* [Data for the task]:
----
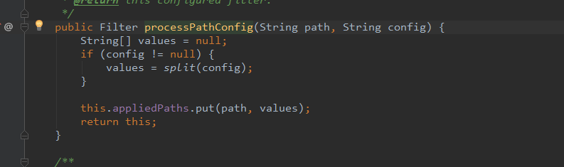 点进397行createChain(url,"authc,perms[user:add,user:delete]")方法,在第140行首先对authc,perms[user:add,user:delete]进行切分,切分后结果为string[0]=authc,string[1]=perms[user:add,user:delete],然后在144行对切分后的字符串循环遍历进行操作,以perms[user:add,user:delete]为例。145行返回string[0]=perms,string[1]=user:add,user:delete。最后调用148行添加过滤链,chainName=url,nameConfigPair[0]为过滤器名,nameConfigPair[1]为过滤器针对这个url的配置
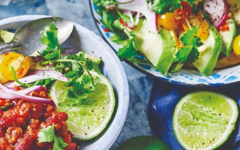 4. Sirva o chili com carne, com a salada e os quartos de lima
----
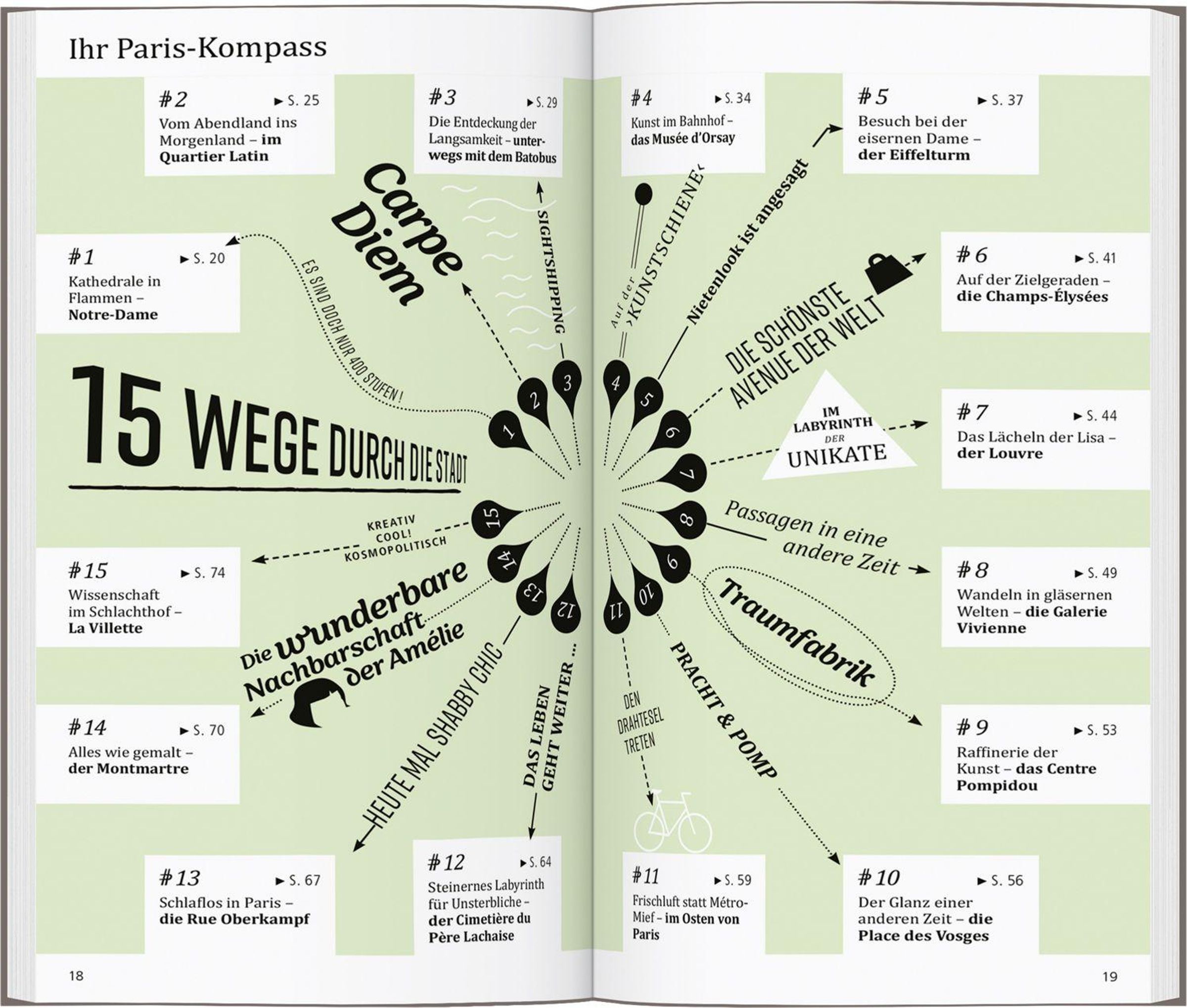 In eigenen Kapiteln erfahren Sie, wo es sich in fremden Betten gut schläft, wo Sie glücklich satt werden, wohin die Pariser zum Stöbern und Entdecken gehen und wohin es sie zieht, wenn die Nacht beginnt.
----
* [Exercise requirements]: Above are some records; extract exactly the lines from the one containing "点进397行createCh" through the one containing "4. Sirva o chili" and drop the pictures.

* [Solution]:
 点进397行createChain(url,"authc,perms[user:add,user:delete]")方法,在第140行首先对authc,perms[user:add,user:delete]进行切分,切分后结果为string[0]=authc,string[1]=perms[user:add,user:delete],然后在144行对切分后的字符串循环遍历进行操作,以perms[user:add,user:delete]为例。145行返回string[0]=perms,string[1]=user:add,user:delete。最后调用148行添加过滤链,chainName=url,nameConfigPair[0]为过滤器名,nameConfigPair[1]为过滤器针对这个url的配置
 4. Sirva o chili com carne, com a salada e os quartos de lima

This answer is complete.